# A little train Diorama from a Slot car Guy



## plymouth71 (Dec 14, 2009)

Ok, so I've been working on a very special diorama for my Uncle. He is without a doubt my favorite uncle, Honest, Hardworking and Family oriented. He just retired from the Railway where he spent 35+ years as an locomotive engineer. 

I've had the plans in place for a couple years at least, but I've put a rush into completing it. I realize it's not Slot car material, but it does use my diorama skills and is a practice run for my permanent track (the one for my proposed slot space). I thought I'd share some pics of the work in progress to completion.

I took a Shadow box purchased at Micheal's with a 50% off coupon and added some carved up blue insulation board. I also scratch built the bridge from balsa wood. The trains is Z scale from a Hallmark Christmas ornament set.

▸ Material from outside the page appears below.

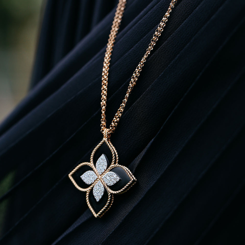 Кулон Princess Flower из розового золота 18 карат с чёрным нефритом и бриллиантами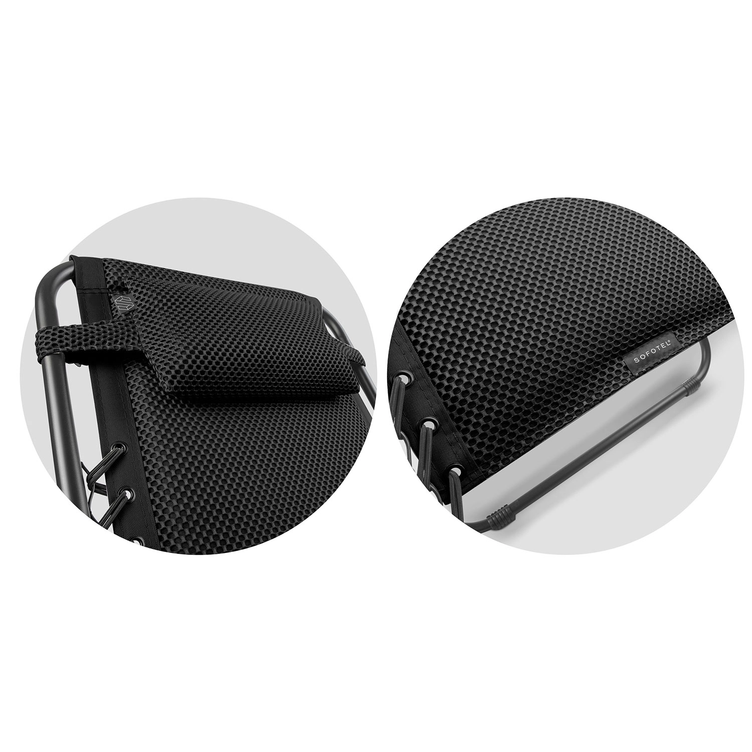 Bucurați-vă de relaxare deplină cu șezlongul gravitațional pliabil Sofotel ChillWell Soft în elegantul negru. Construcția ergonomică permite reglarea lină a înclinației spătarului până aproape de starea de imponderabilitate, pentru o detensionare maximă. Pernă moale pentru susținerea capului și a gâtului, iar inovatorul 3D FoamGrid™ asigură catifelare excepțională, respirabilitate și uscare rapidă. Cadrul solid din oțel cu vopsea pulbere garantează stabilitate și durată de viață îndelungată acasă, pe terasă, balcon sau în călătorii.

I then added plaster rock cuts and started the paint










I then added the rest of the details and hand-painted the backdrop.






























What do you think???


----------



## suprcop67 (Sep 12, 2006)

that is sooooooo cool. awesome work


----------



## computer guy (Aug 5, 2001)

Great Job.
I am sure that your uncle will really appreciate your work.
Very impressive.
Richard


----------



## steve123 (Feb 9, 2009)

I think you did a wonderful job! I bet when he sees it he gets a little teary eyed.
That looks great.

Steve


----------



## PF Flyer (Jun 24, 2008)

That's some sweet work there. Inspired and inspiring!


----------



## HurricaneRay (Jan 1, 2010)

Now that's what I call Art !!!


----------



## plymouth71 (Dec 14, 2009)

Thanks guys! It was good practice for my foray into model railroading. I'm working on an up and over double loop n-gauge set up for my son. I plan to use all i've learned here on that build as well as the slot car track I'm currently building.

BTW my uncle loves the diorama and it received rave reviews by everyone at the party. I've also been told by some of my slot budddies that I should try making a slot car diorama.


----------



## concretepumper (Mar 7, 2010)

Great Dio. gift! :thumbsup::thumbsup::thumbsup:


----------



## 440 dakota (Feb 23, 2006)

very nice job,looks great and a cool idea for display


----------